** YOUR TASK **
Below are entries. Copy exactly the lines running from the line that holds "Le moine recopie la Bible" to the line that holds "๓.๒ สนับสนุนการขับเคลื่อนการดำเนินการของชมรม STRONG", with both ends included.

** DATA **
- - - - -
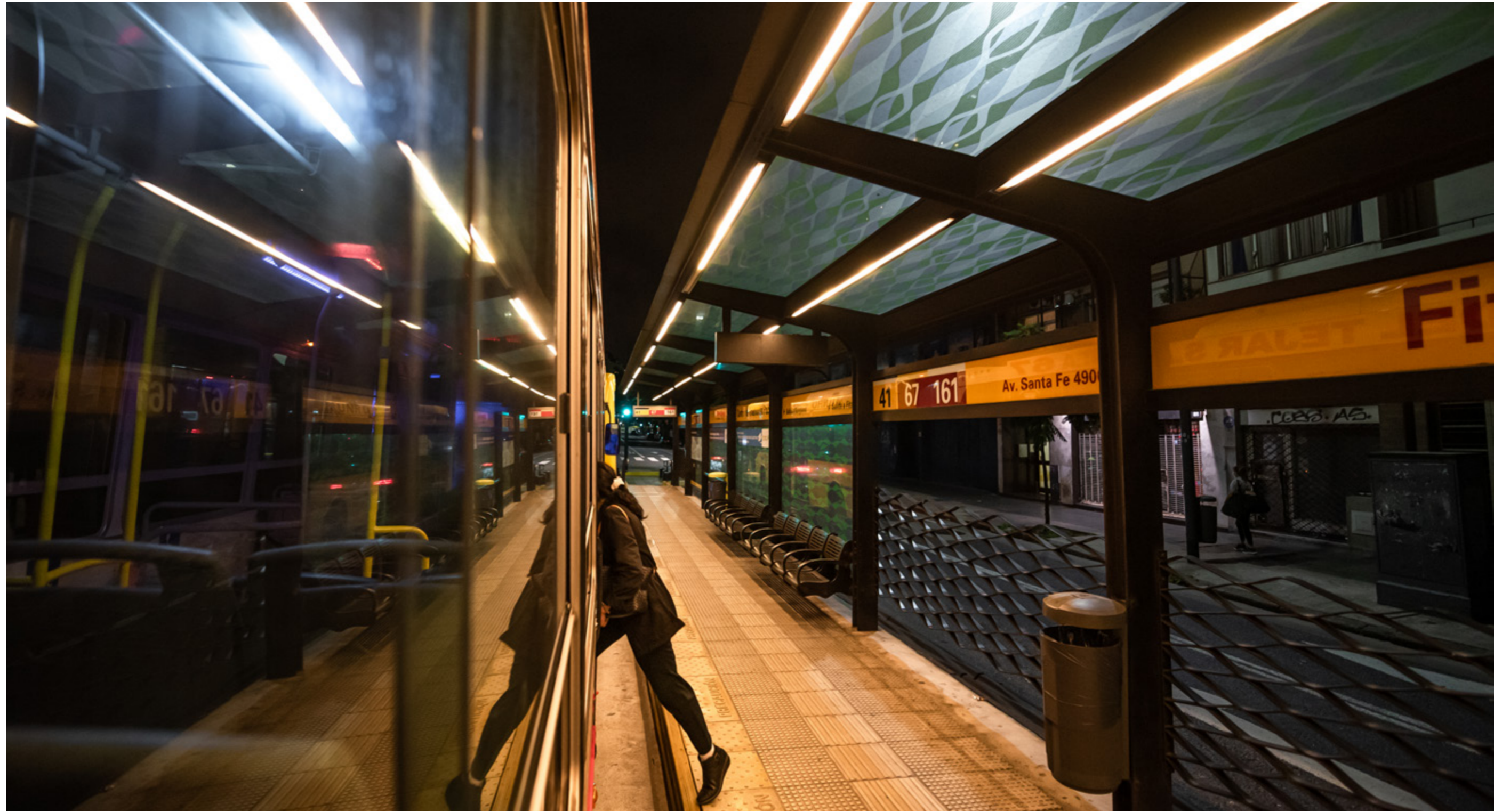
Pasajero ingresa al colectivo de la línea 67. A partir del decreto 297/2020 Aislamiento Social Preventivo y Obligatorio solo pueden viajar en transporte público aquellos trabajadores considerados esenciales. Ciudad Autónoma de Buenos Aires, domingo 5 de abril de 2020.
- - - - -
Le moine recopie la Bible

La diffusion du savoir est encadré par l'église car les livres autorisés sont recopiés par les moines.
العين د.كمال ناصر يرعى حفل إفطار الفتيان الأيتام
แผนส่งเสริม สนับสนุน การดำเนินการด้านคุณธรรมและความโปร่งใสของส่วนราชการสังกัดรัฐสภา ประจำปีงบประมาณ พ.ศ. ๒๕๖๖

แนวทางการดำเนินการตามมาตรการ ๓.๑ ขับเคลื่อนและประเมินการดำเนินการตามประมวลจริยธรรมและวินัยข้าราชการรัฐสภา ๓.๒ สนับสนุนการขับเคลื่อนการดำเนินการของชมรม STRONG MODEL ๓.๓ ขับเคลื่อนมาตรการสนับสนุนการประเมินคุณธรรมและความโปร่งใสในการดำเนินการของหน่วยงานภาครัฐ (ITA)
- - - - -
** TASK OUTPUT **
Le moine recopie la Bible

La diffusion du savoir est encadré par l'église car les livres autorisés sont recopiés par les moines.
العين د.كمال ناصر يرعى حفل إفطار الفتيان الأيتام
แผนส่งเสริม สนับสนุน การดำเนินการด้านคุณธรรมและความโปร่งใสของส่วนราชการสังกัดรัฐสภา ประจำปีงบประมาณ พ.ศ. ๒๕๖๖

แนวทางการดำเนินการตามมาตรการ ๓.๑ ขับเคลื่อนและประเมินการดำเนินการตามประมวลจริยธรรมและวินัยข้าราชการรัฐสภา ๓.๒ สนับสนุนการขับเคลื่อนการดำเนินการของชมรม STRONG MODEL ๓.๓ ขับเคลื่อนมาตรการสนับสนุนการประเมินคุณธรรมและความโปร่งใสในการดำเนินการของหน่วยงานภาครัฐ (ITA)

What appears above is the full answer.